ACTIVITY = Take the line that holds "リビング中央に設けられた特徴的な階段は、完成時にU様が思わず声をあげるほど。" and every line after it to the end of the entries, and repeat them exactly without the pictures.

RECORDS PROVIDED =
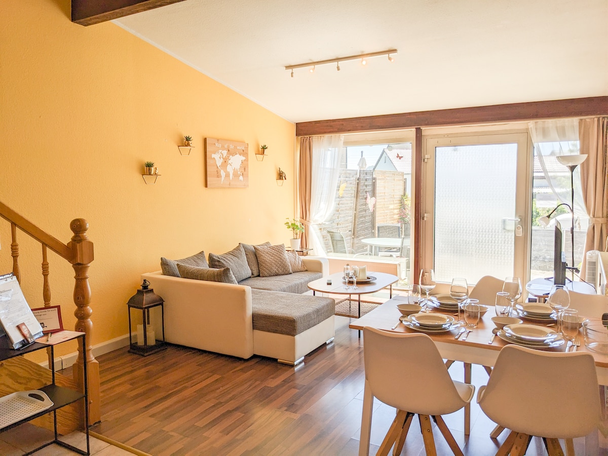 Ferielejligheden på 74 m² er en maisonette-lejlighed med gang, stue, 2 soveværelser, køkken, badeværelse og stor balkon. Rygning kun muligt på balkonen eller udenfor (rygefri lejlighed). Udenfor er der en stor have med pool/poolhus (kan bruges sæsonbestemt) og bål- og grillplads. Garage og carport til rådighed. Wi-Fi, indkøbsmuligheder i byen, brug af pejsestuen efter aftale.
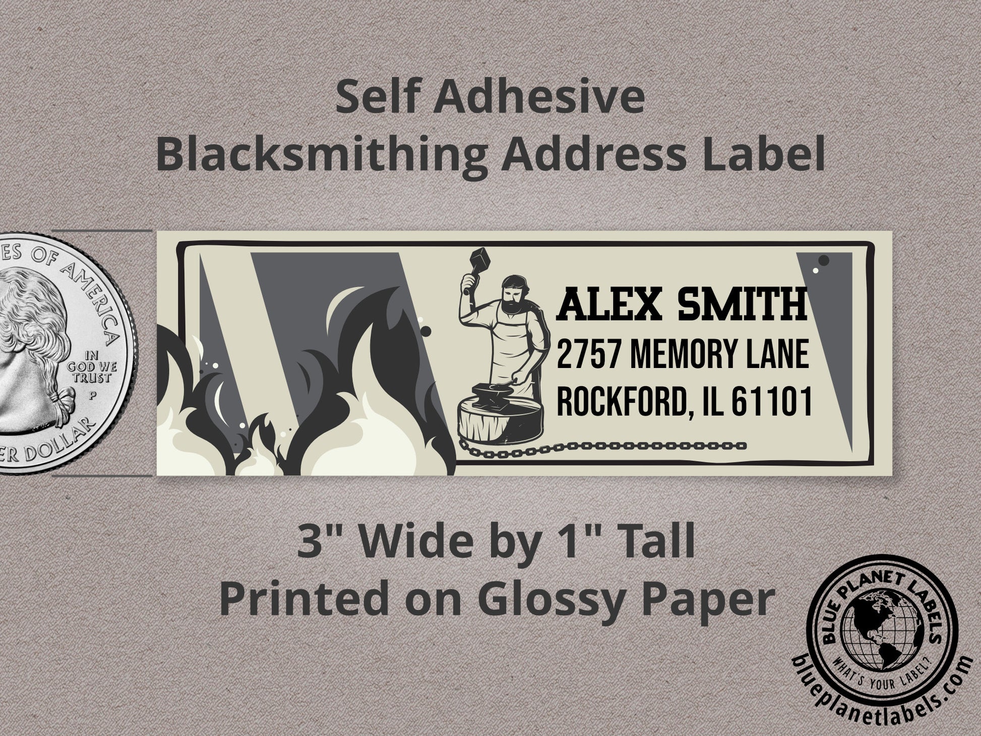 A return address label designed beautifully share your blacksmithing passion with the world. Custom art created exclusively for this label depicting a blacksmith forging an item at the anvil. Treat yourself to a set or give one to that blacksmith or maker in your life who is impossible to shop for.
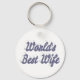 Cadena de claves con la mejor esposa del mundo en texto azul-gris 3D. Las cadenas de clave redonda y cuadrada están disponibles en varios tamaños.
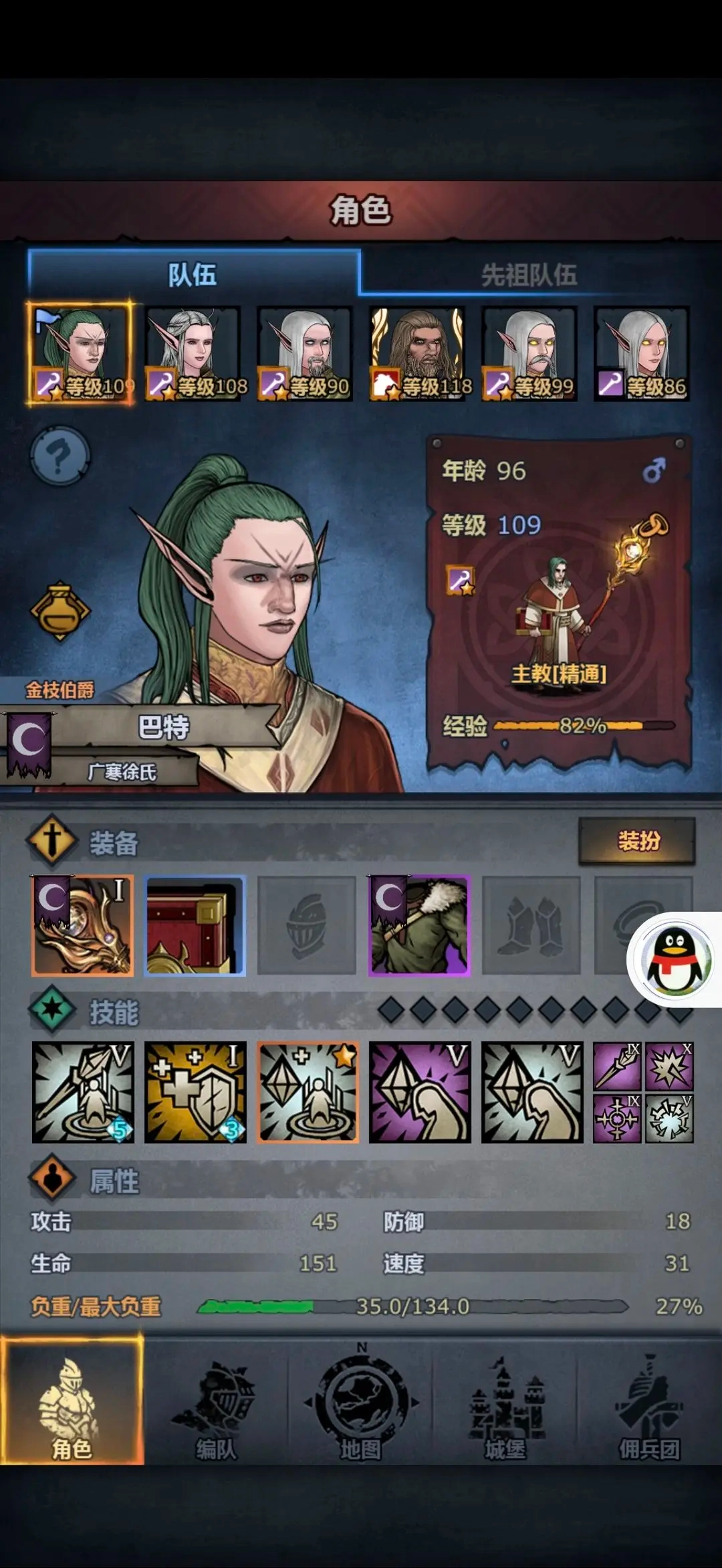 技能:屠杀战意(刺客)、长虹贯日(内宗剑圣,推塔带)/疾旋之翼、狩猎欲望(弓箭手)、信仰唤醒(主教)、蛮力、复仇、精准、残忍
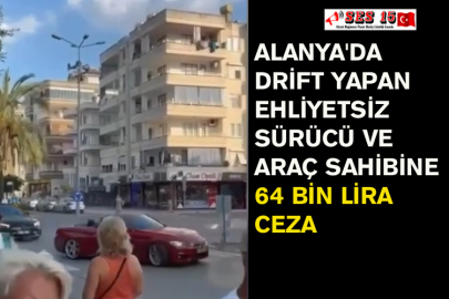 Antalya'nın Alanya ilçesinde, başkasına ait otomobil ile drift yaptığı tespit edilen ehliyetsiz sürücüye ve araç sahibine 64 bin 626 lira ceza uygulandı.
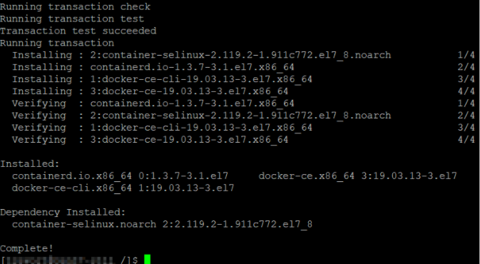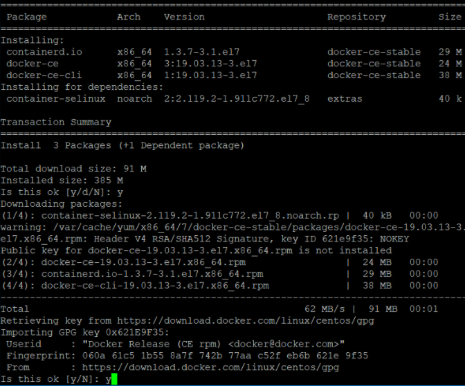 $ yum install docker-ce docker-ce-cli containerd.io
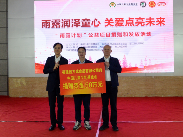 活动现场,福建省力诚食品有限公司向中国儿基会捐赠资金50万元,用于为福建、宁夏两地的400余名困境儿童发放助学金、捐赠“雨露学习角”,改善他们的学习条件和环境,助力他们在阳光雨露下健康成长。在场的8名学生代表接受捐赠,中国儿基会有关部门负责同志向福建省力诚食品有限公司颁发捐赠证书。
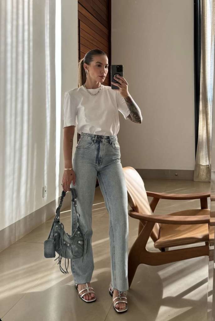 Para adotar o visual da jornalista, o segredo está no equilíbrio das proporções. Você pode combinar a calça de cintura alta com camisaria para um look sofisticado. Por outro lado, o uso com t-shirts básicas cria um ar despojado e moderno. Com certeza, o “efeito Ana Paula” mostra que o jeans clássico é a maior potência da temporada. Se você busca um visual clássico e elegante para 2026, a calça jeans reta é a escolha perfeita.
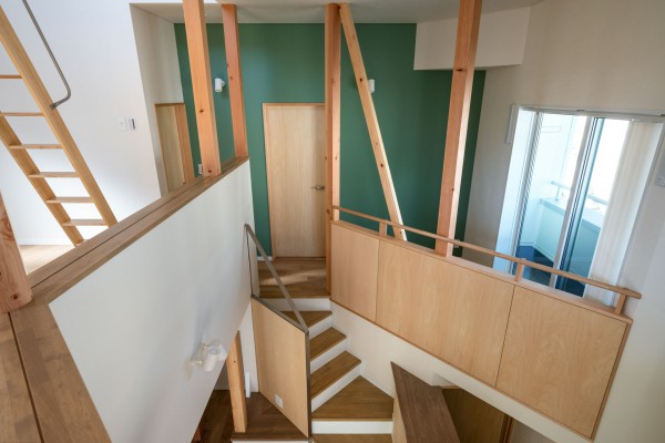 リビング中央に設けられた特徴的な階段は、完成時にU様が思わず声をあげるほど。
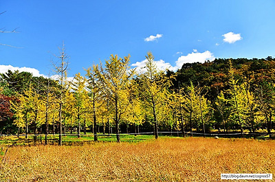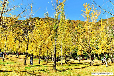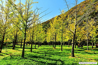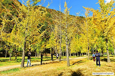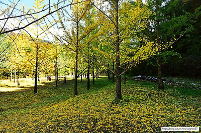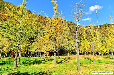 은행나무 노란단풍의 아름다운 가을풍경 홍천은행나무숲
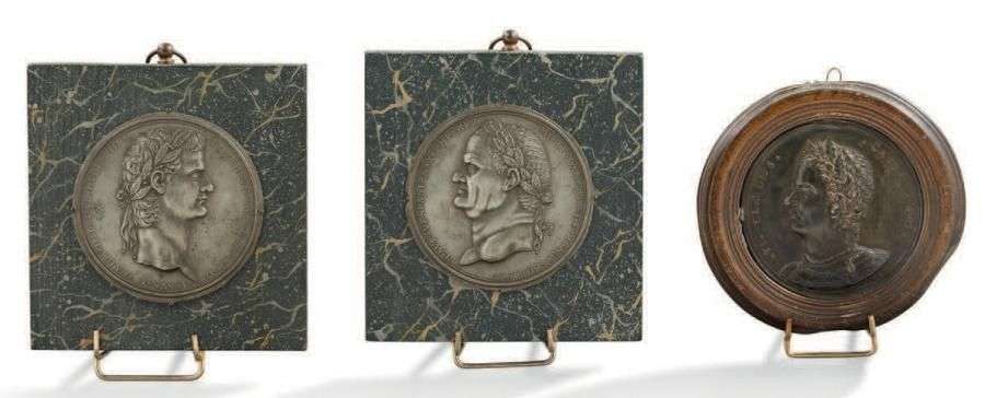 TROIS MÉDAILLONS représentant des profils d'empereurs, deux en étain, un en bronze.
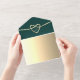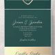 Presentamos nuestra sofisticada invitación a una boda verde esmeralda, donde la elegancia se une a la modernidad. Con las iniciales de los monogramas de la novia y el novio delicadamente enclavados en el corazón de una cuerda dorada, esta invitación exuda un encanto intemporal. Dósele la vuelta para revelar una imagen personalizado de la pareja, agregando un toque personal a su celebración. Completada con un sencillo guión caligráfico y adornada con un código QR para RSVP y acceso a sitios web, esta invitación combina perfectamente la tradición con la comodidad contemporánea. Captura la esencia de tu historia de amor con esta elegante invitación, donde cada detalle refleja la singularidad de tu unión.
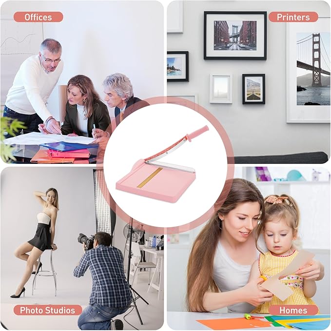 Paper Cutter, Paper Slicer with Safety Guard and Blade Lock, 12" Cut Length Guillotine Paper Cutter with 16 Sheet Capacity, Paper Cutters and Trimmers for Cardstock Cardboard (Pink)

RESULT FOR THIS TASK =
 リビング中央に設けられた特徴的な階段は、完成時にU様が思わず声をあげるほど。
 은행나무 노란단풍의 아름다운 가을풍경 홍천은행나무숲
 TROIS MÉDAILLONS représentant des profils d'empereurs, deux en étain, un en bronze.
 Presentamos nuestra sofisticada invitación a una boda verde esmeralda, donde la elegancia se une a la modernidad. Con las iniciales de los monogramas de la novia y el novio delicadamente enclavados en el corazón de una cuerda dorada, esta invitación exuda un encanto intemporal. Dósele la vuelta para revelar una imagen personalizado de la pareja, agregando un toque personal a su celebración. Completada con un sencillo guión caligráfico y adornada con un código QR para RSVP y acceso a sitios web, esta invitación combina perfectamente la tradición con la comodidad contemporánea. Captura la esencia de tu historia de amor con esta elegante invitación, donde cada detalle refleja la singularidad de tu unión.
 Paper Cutter, Paper Slicer with Safety Guard and Blade Lock, 12" Cut Length Guillotine Paper Cutter with 16 Sheet Capacity, Paper Cutters and Trimmers for Cardstock Cardboard (Pink)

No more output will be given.